Information given below:

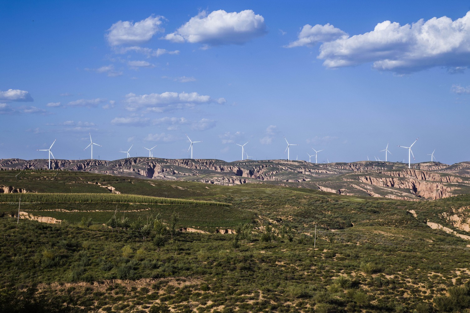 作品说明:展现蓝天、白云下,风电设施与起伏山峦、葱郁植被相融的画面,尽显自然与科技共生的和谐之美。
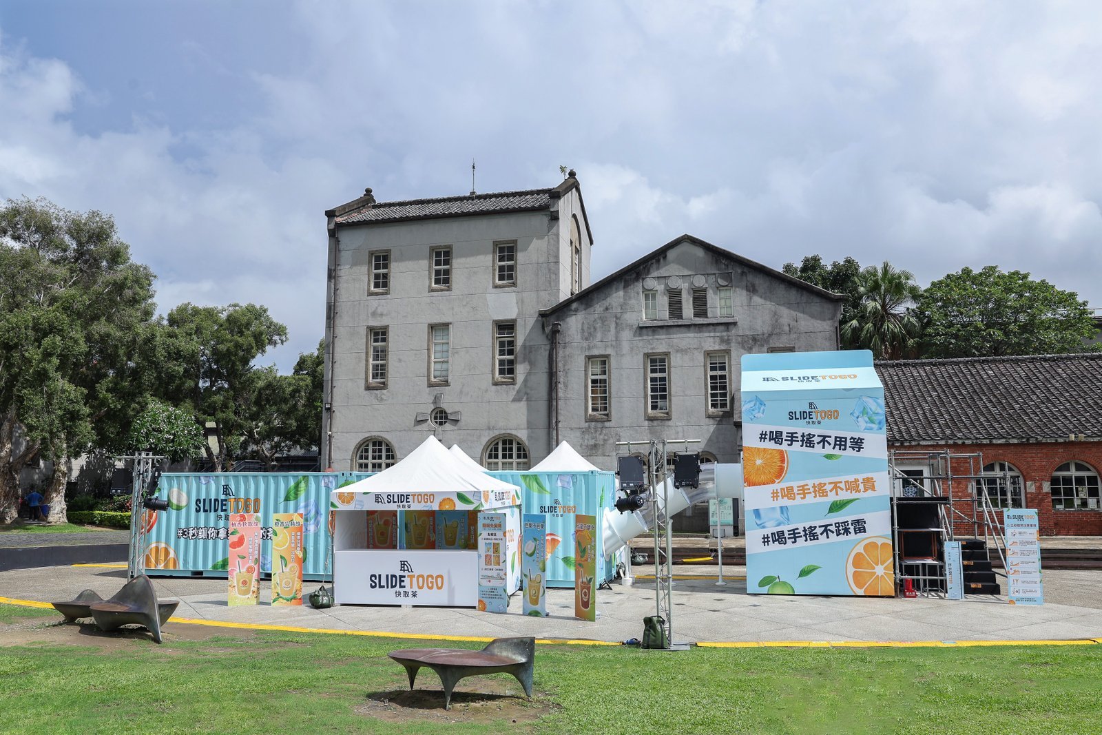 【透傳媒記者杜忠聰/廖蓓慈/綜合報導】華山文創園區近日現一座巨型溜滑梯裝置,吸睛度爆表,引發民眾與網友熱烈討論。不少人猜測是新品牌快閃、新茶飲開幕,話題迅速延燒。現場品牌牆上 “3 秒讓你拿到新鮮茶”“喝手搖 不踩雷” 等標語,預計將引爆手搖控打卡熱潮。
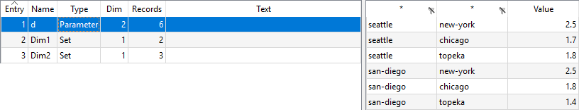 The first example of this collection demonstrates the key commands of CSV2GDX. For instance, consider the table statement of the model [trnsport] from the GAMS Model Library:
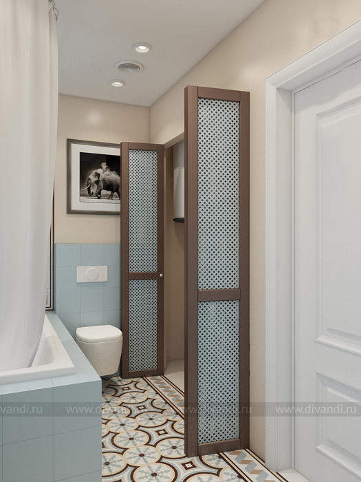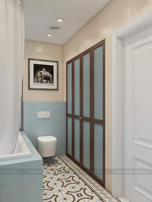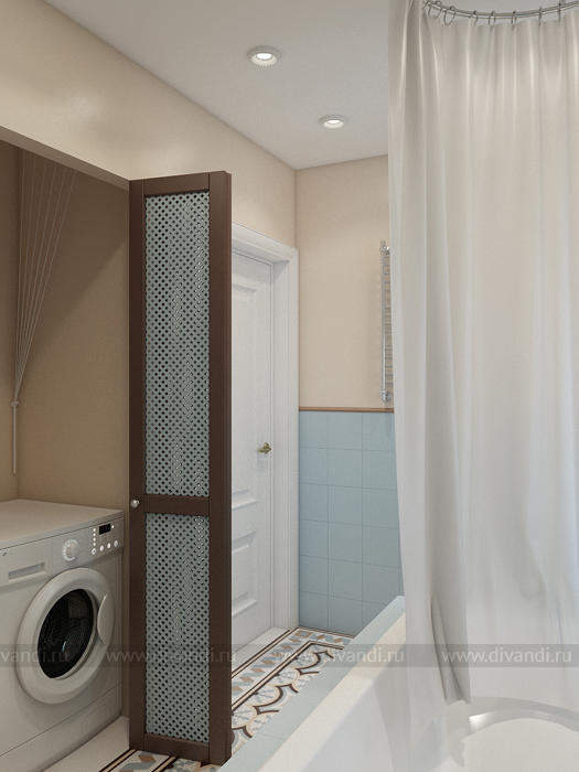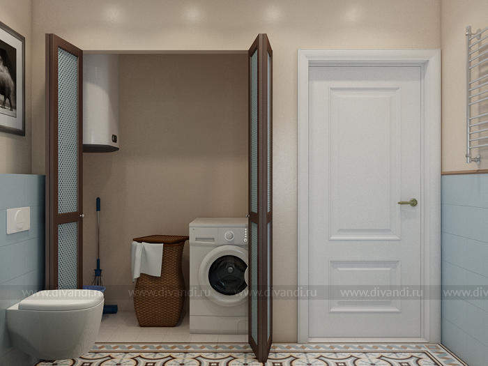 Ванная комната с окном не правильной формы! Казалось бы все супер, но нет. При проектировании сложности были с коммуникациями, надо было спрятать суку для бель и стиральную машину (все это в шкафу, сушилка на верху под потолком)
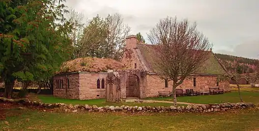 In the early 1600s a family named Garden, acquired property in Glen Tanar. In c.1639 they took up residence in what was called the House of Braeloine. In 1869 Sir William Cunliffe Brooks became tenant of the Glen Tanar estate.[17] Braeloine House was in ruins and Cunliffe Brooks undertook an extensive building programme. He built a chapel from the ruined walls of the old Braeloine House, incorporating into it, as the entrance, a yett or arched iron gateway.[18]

End of Information given.

Brief: Each record should be copied exactly, and each image left out.

Your response:
 作品说明:展现蓝天、白云下,风电设施与起伏山峦、葱郁植被相融的画面,尽显自然与科技共生的和谐之美。
 【透傳媒記者杜忠聰/廖蓓慈/綜合報導】華山文創園區近日現一座巨型溜滑梯裝置,吸睛度爆表,引發民眾與網友熱烈討論。不少人猜測是新品牌快閃、新茶飲開幕,話題迅速延燒。現場品牌牆上 “3 秒讓你拿到新鮮茶”“喝手搖 不踩雷” 等標語,預計將引爆手搖控打卡熱潮。
 The first example of this collection demonstrates the key commands of CSV2GDX. For instance, consider the table statement of the model [trnsport] from the GAMS Model Library:
 Ванная комната с окном не правильной формы! Казалось бы все супер, но нет. При проектировании сложности были с коммуникациями, надо было спрятать суку для бель и стиральную машину (все это в шкафу, сушилка на верху под потолком)
 In the early 1600s a family named Garden, acquired property in Glen Tanar. In c.1639 they took up residence in what was called the House of Braeloine. In 1869 Sir William Cunliffe Brooks became tenant of the Glen Tanar estate.[17] Braeloine House was in ruins and Cunliffe Brooks undertook an extensive building programme. He built a chapel from the ruined walls of the old Braeloine House, incorporating into it, as the entrance, a yett or arched iron gateway.[18]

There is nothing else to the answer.